Probability distributions are used in many aspects to answer questions about given events. For example, a clothing store owner opens a new boutique and is working on a 3-day forecast of sales during the grand opening of the boutique. The owner determines that there is a 40% probability that customers will visit the store and make a purchase, which means 60% will visit the store and not make a purchase. How do you determine the probability that customers will visit and make a purchase on 0, 1, 2, or 3 of the days? To solve problems such as this, a probability distribution can help you identify the possible outcomes to make a conclusion. In this Discussion Board, you will explore the concepts to help construct discrete and continuous probability distributions.

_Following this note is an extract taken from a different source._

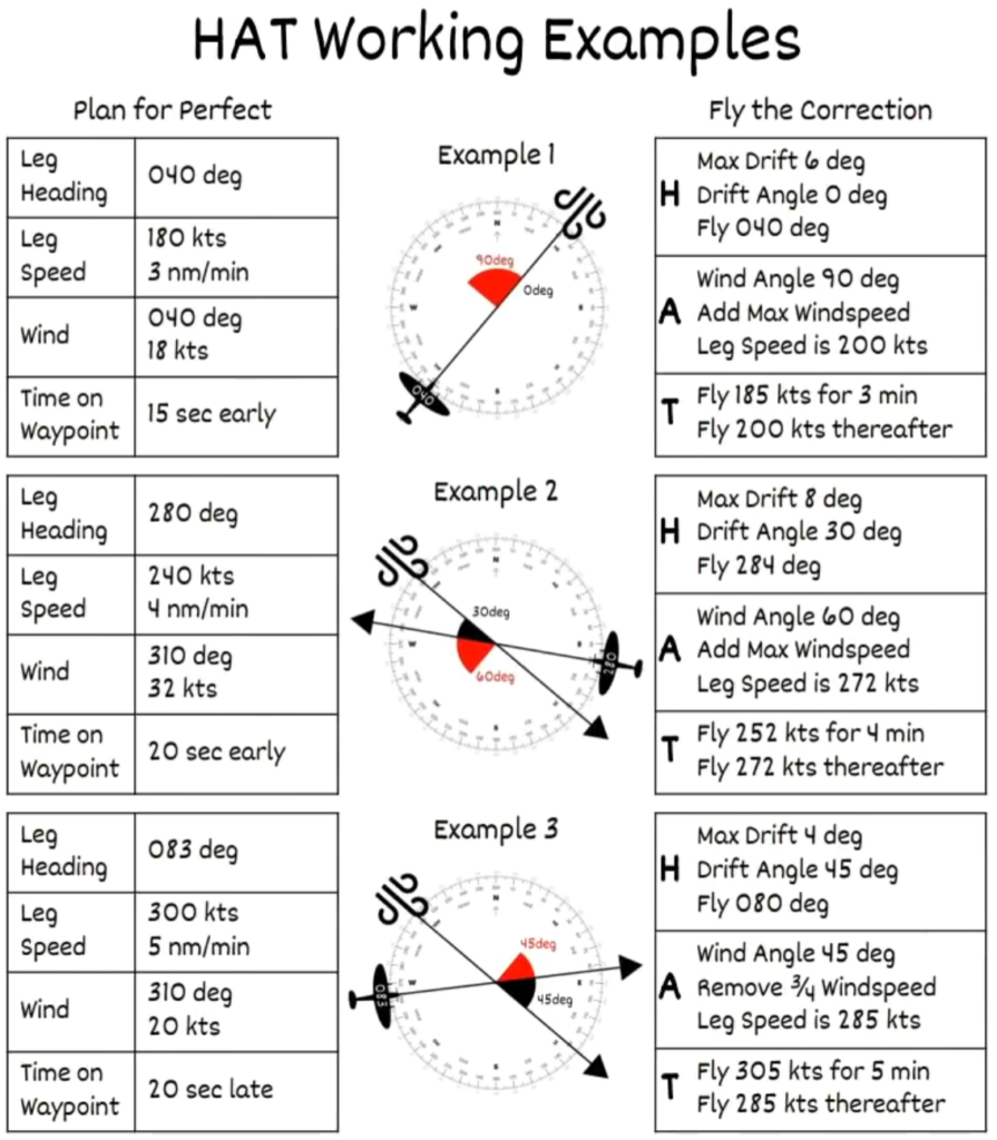Headings: In flight planning in the briefing room on the maps (aeronautical charts) the headings are measured in true headings and then converted to magnetic headings before the flight. During the flight all headings are magnetic headings to avoid confusion and mistakes. Use only integer numbers, not decimals, e.g. 4° instead of 3.7°. All headings are planned for still air (no wind) and corrected for wind drift during flight (see HAT Check below). This has main advantages over planning it with wind correction baked in from the start: 1. the mission can be pre-planned weeks before and the most current wind and weather information can be used ad-hoc just before the flight, 2. any wind change or update can be incorporated ad-hoc during the mission as well.

  • It is important to understand the difference between discrete and continuous random variables because the statistical analysis of each type of variable is different.
    • In your own words, discuss the differences between discrete and continuous random variables, and provide a real-world example of each type of random variable.
  • Perform the following experiment:
    • Roll a die 20 times, and record the results of each event in Excel. (Note: If you do not have an actual die, you can find a virtual die-rolling program located at the following Web site:http://www.random.org/dice
    • Construct a bar graph and probability distribution of your experiment. Attach your results to your Discussion Board posting.
    • Interpret the results of this experiment, answering the following questions:
      • What are the random variables for your experiment? Explain the meaning of your random variables.
      • Do you believe that the results of your experiment are discrete or continuous? Explain.
      • Is your experiment a probability distribution? In other words, are all conditions of a probability distribution satisfied? Explain.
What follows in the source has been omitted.